Possession of Homestead by a Personal Representative Homestead, in the estate and trust context, is the real property owned by a decedent at the time of death, which was used as his primary residence at the time of his death. As provided by the Florida Constitution, the homestead shall not be subject to devise if the owner is survived by a spouse or minor child, except that it can be devised to the spouse if not survived by minor children. If not survived by a spouse or minor child, the decedent is free to devise the property as he wishes.
Typically, if homestead property is devised to an heir or descendant, as permitted by law, it vests in said heir or descendant immediately upon death and is not considered an asset of the estate.
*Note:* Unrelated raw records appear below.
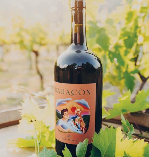 modo per avere prodotti diversi. Dunque il 10 settembre abbiam fatto la seconda vendemmia, da cui è uscito il Baracòn, dedicato a mio nonno, un Romagna Sangiovese Doc, con l’idea di fare una vinicazione come l’avrebbe fatta mio nonno trent’anni fa, ma con qualche accortezza attuale. Quindi una vini cazione molto naturale, che non fa ltrazioni nè chiari che e viene imbottigliato per scelta solo in bottiglie magnum da un litro e mezzo, perché il soprannome di mio nonno, Baracòn appunto, è quello di “uno da baracca”, quindi una magnum un po’ in controtendenza, perché non è un vinone costoso e importante ma perché deve essere sulla tavola di una cena conviviale. La terza vendemmia, in ne, è stata fatta il 14 settembre solo nella vigna piccola, che sorge a qualche metro da un piccolo laghetto, al cui centro emerge una roccia di spungone, tipica di questo territorio, che aiuta tanto a smorzare l’argilla. L’acqua mi ha riportato al mare, a cui sono molto legato. Questo vino è un Romagna Sangiovese Doc Mga Bertinoro, ma per ora non posso dir nulla sul nome».
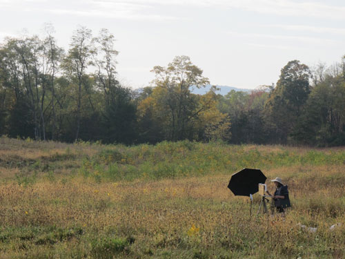 Arlene Boehm painting in a field at Olana, the Frederic Church estate. Photo by Elissa Gore
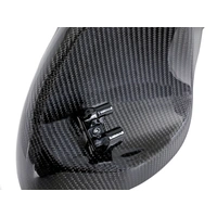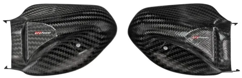 Dynamic Air Scoops lower air intake temperatures byforcing more cool air from the front grilles into the factory intake tract. These scoops are constructed from 100% twill weave carbon fiber (no fiberglass) for lightweight, heat protection, and good looks. They feature a gloss finish on the exterior and a matte finish inside. They are precisely designed and manufactured to snap directly into the factory inlet ducts and mount onto the vehicle's V-support brace. No additional hardware is required for a hassle-free installation.
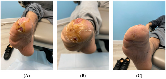 Figure 1. Progression of the diabetic foot ulcer throughout amniotic membrane allograft applications. (A) Date of exam: 1 February 2022; DFU measurements: 5.3 cm × 4.3 cm × 0.1 cm. (B) Date of exam: 22 February 2022; DFU measurements: 4.2 cm × 3.5 cm × 0.1 cm. (C) Date of exam: 15 March 2022; DFU measurements: DFU is now closed.
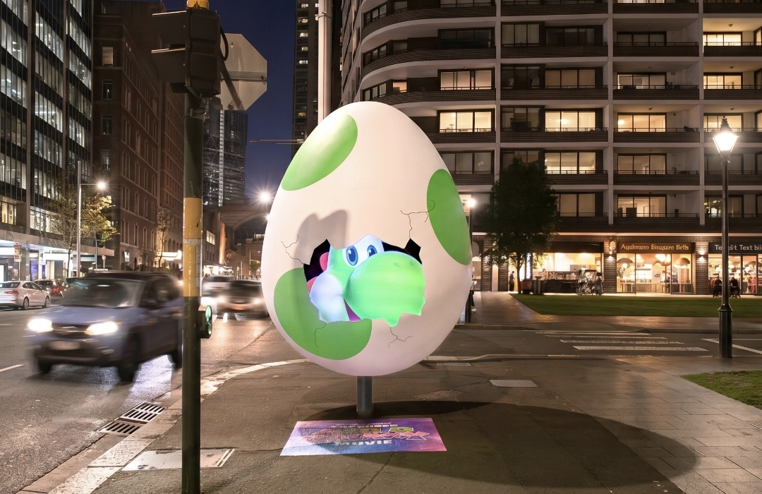 Para promover o lançamento de The Super Mario Galaxy Movie, a agência Creapills instalou réplicas enormes de ovos rachando nas vias movimentadas de Sidney nesta semana. A iniciativa surpreendeu os pedestres e trouxe o universo dos games diretamente para o asfalto.
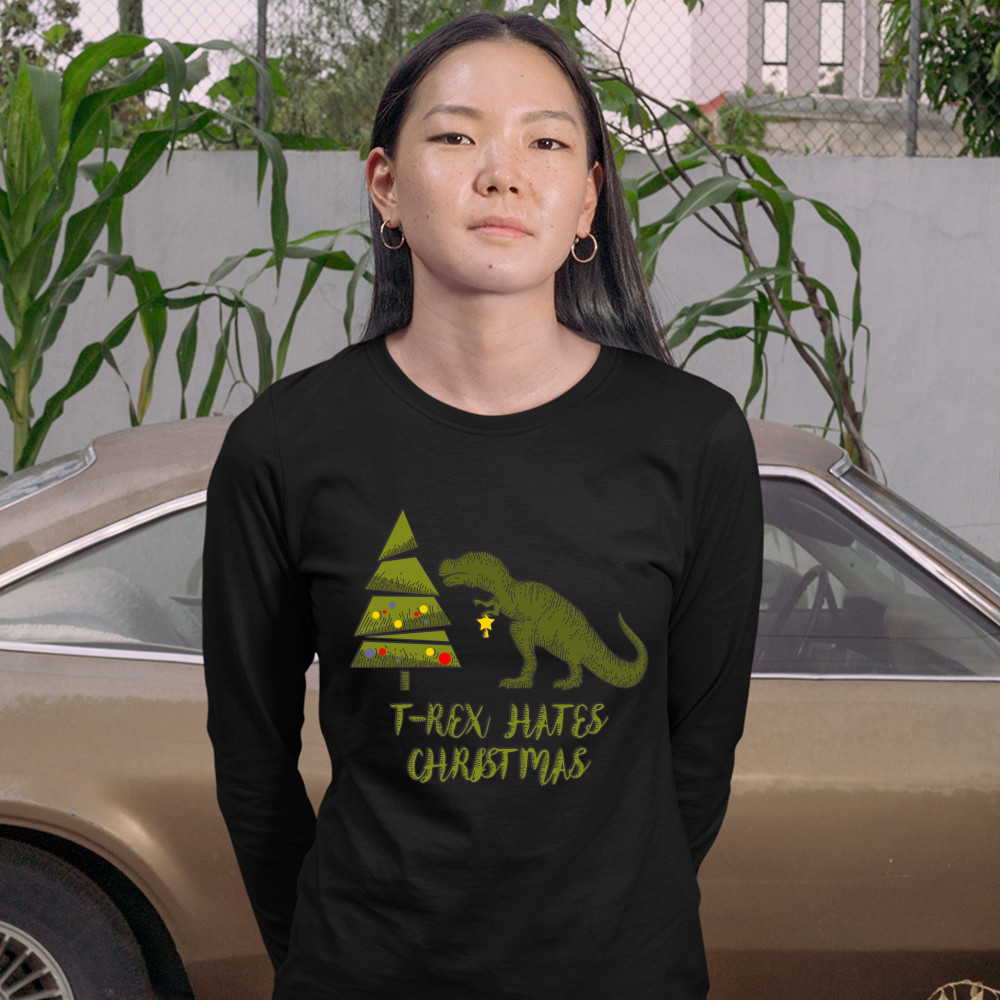 T-REX HATES CHRISTMAS women's long sleeve t-shirt funny dinosaur xmas festive black
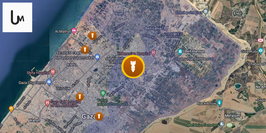 An Israeli airstrike targets the eastern areas of Jabalia, north of the Gaza Strip.
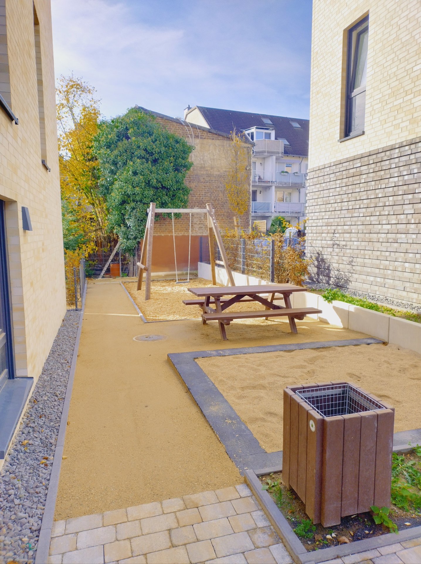 À l’automne 2025, l’entreprise Galabau Rainer Eschbach de Much a appliqué des couches de surface en Koers KoMex Jaune sur plusieurs petites aires de jeux et allées piétonnes dans le nouveau quartier résidentiel de la Uferstraße à Leichlingen. Le quartier comprend 69 nouveaux appartements en copropriété répartis sur cinq bâtiments, à seulement quelques centaines de mètres de la Wupper et du centre-ville.
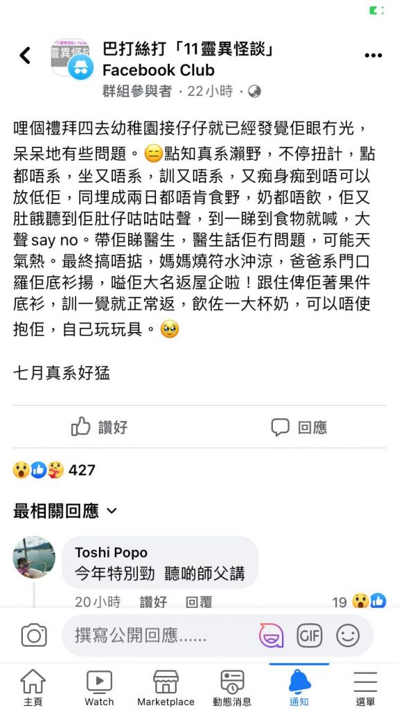 哩個禮拜四去幼稚園接仔仔就已經發覺佢眼冇光,呆呆地有些問題。😑點知真系瀨野,不停扭計,點都唔系,坐又唔系,訓又唔系,又痴身痴到唔可以放低佢,同埋成兩日都唔肯食野,奶都唔飲,佢又肚餓聽到佢肚仔咕咕咕聲,到一睇到食物就喊,大聲say no。帶佢睇醫生,醫生話佢冇問題,可能天氣熱。最終搞唔掂,媽媽燒符水沖涼,爸爸系門口羅佢底衫揚,嗌佢大名返屋企啦!跟住俾佢著果件底衫,訓一覺就正常返,飲佐一大杯奶,可以唔使抱佢,自己玩玩具。🥹

In many cases, the homestead can be the largest asset owned by a decedent at the time of death, and if vacant or unoccupied, the question becomes what is a personal representative’s responsibility as to protecting or preserving the home for the Decedent’s heirs and to what extent can other estate assets be used for such protection?
Pursuant to Florida Statute §733.608 (2), General Power of the Personal Representative, if a property that reasonably appears to the personal representative to be protected homestead is not occupied by a person who has an interest in the property, the Personal Representative is authorized to take possession of the property for the limited purpose of preserving, insuring, and protecting it for the person having an interest in the property, pending a determination of its homestead status. Pursuant to §733.608 (3)
If the Personal Representative expends funds or incurs obligations to preserve, maintain, insure or protect the property referenced in subsection (2), the Personal Representative shall be entitled to a lien on that property and its revenues to secure repayment of those expenditures and obligations incurred. These expenditures or obligations incurred, including but not limited to, fees and costs, shall constitute a debt to the Personal Representative that is charged against and which may be secured by a lien on the protected homestead, as provided in this section. This debt shall include amounts paid for these purposes after the decedent’s death and prior to the personal representative’s appointment to the extent later ratified by the Personal Representative in the court proceeding provided for in this section.
On the petition of the Personal Representative or any interested person, the court having jurisdiction of the decedent’s probate estate shall have jurisdiction to adjudicate the amount of the debt after Formal Notice to those persons appearing to have an interest in the property. Florida Probate Rule 5.402(b) sets forth the contents required for a valid lien.
The notice of lien shall contain (1) name and address of the Personal Representative and Personal Representative’s attorney (2) a legal description of the property (3) to an extent known, the name and address of each person appearing to have an interest in the property; and (4) a statement that the PR has expended or is obligated to expend funds to preserve, maintain, insure, or protect the property and that the lien stands as security for recovery of those expenditures and obligations incurred, including fees and costs.